As always, you can check out my previous Reading Challenges here.

Random Reads: Ready Player One by Ernest Cline
Wade Watts spends most of his day plugged into the virtual utopia called the OASIS, a giant immersive online environment which provides a welcomed escape for the poor yet clever and resourceful teenager living in the dystopian landscape of Oklahoma City in the year 2044. Wade has devoted years studying the life and obsessions of the OASIS's deceased creator (an eccentric recluse) in order to find clues to the location of the first of three keys hidden within the virtual universe, keys which lead to a life-changing Easter egg: a multi-billion dollar fortune and complete control of the OASIS! It's been five years since the OASIS creator passed away and the worldwide hunt for the ultimate video game prize began, but no one has retrieved the first key...until Wade's low level OASIS avatar named Parzival shocks the world by completing the seemingly impossible task! Now an instant virtual celebrity, Wade is racing against the best players in the game--and the powerful corporate entities with deep pockets and devious plans of their own--to control the fate of the OASIS!
Ready Player One by Ernest Cline
My Rating: 3.5 out of 5


Ready Player One is page after page of nerdgasm for 1980s video game and pop culture fans. For us average folk who trekked through the endless 1980s references without a lot of background knowledge, Cline shared enough expository information to help us along but ultimately left us with a mediocre story. Indeed, my main complaint about the book was how often (and excessively) the protagonist monologued about his 1980s obsession. Wade had a cocky showoff-ness about him that didn't particularly endear me to the character, true to life though he may be to any average teenaged boy. He also had what appeared to me to be an unhealthy obsession with a girl online which scarily rivaled his all-encompassing obsession with the 1980s. Despite these criticisms, I found myself rooting for Wade even though he's a character I don't really like or relate to because while his initial motivations are clearly selfish, he ultimately chooses to fight to preserve something greater than himself.

What I found most interesting about the book was the world that Cline envisioned in which more and more of the human lifespan will be spent working and socializing in a virtual existence, in which culture and commerce integrate seamlessly with the digital world (for better and worse), and the ways in which human connection crosses the boundaries between the online word and the physical one. With increasingly advanced virtual reality technology being produced every year, it's not too difficult to imagine how close the realization of some form of an immersive online environment as conceived in Ready Player One really is. One of the main considerations I've been grappling with post-read is the "realness" of experiences "lived" in a digital space; when relationships are forged or a person expends time, resources, and mental energy creating or existing in the virtual world, how might the perceived truthfulness of an individual's representation of their real selves impact their perception of life?

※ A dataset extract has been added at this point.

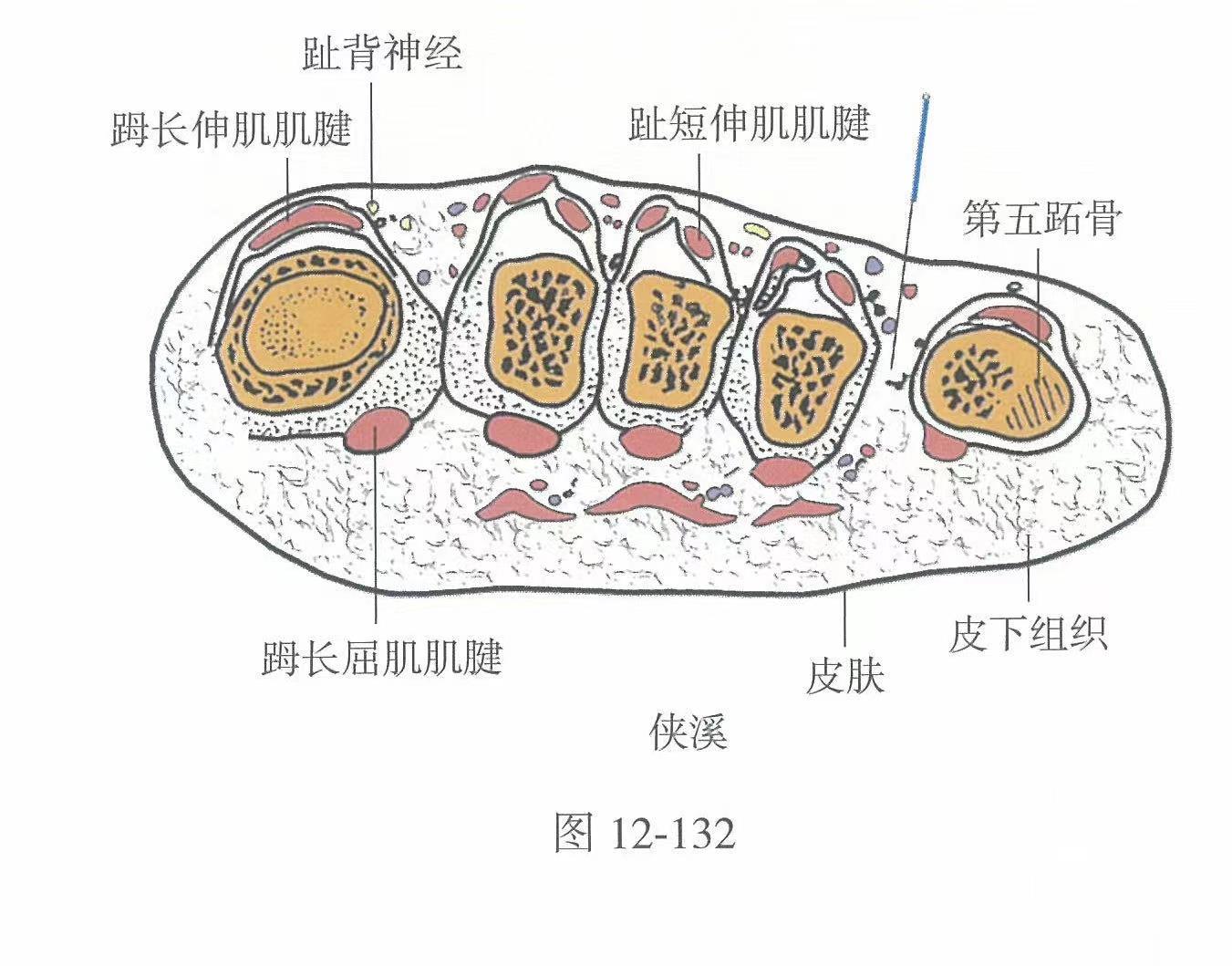 俠溪配行間、內(nèi)庭穴,治足跗腫痛。

Ready Player One also prompted me to consider how social constructs, such as racism and sexism, might (un)intentionally be carried over into virtual spaces and contemplate the means by which an individual might find freedom in the digital realm while another might find an outlet of oppression.

Overall, I think the book provides an interesting glimpse into one version of a future society where life is lived in the digital realm because humans haven't figured out a better way to remedy or escape the destruction of the real world. Such a technology could foster unparalleled connection and access to information, but at what cost and who gets to decide what is acceptable to sacrifice? These questions certainly aren't the core of the book but they are the concepts I was most drawn to since my ignorance of 1980s games and media preclude me from otherwise nerding out along with the intended audience. I think that Ready Player One is a story that has a little something for everyone to enjoy--action, romance, teen angst, social and political commentary, and, of course, nerd fandom--but like most debut novels there is plenty of room for improvement.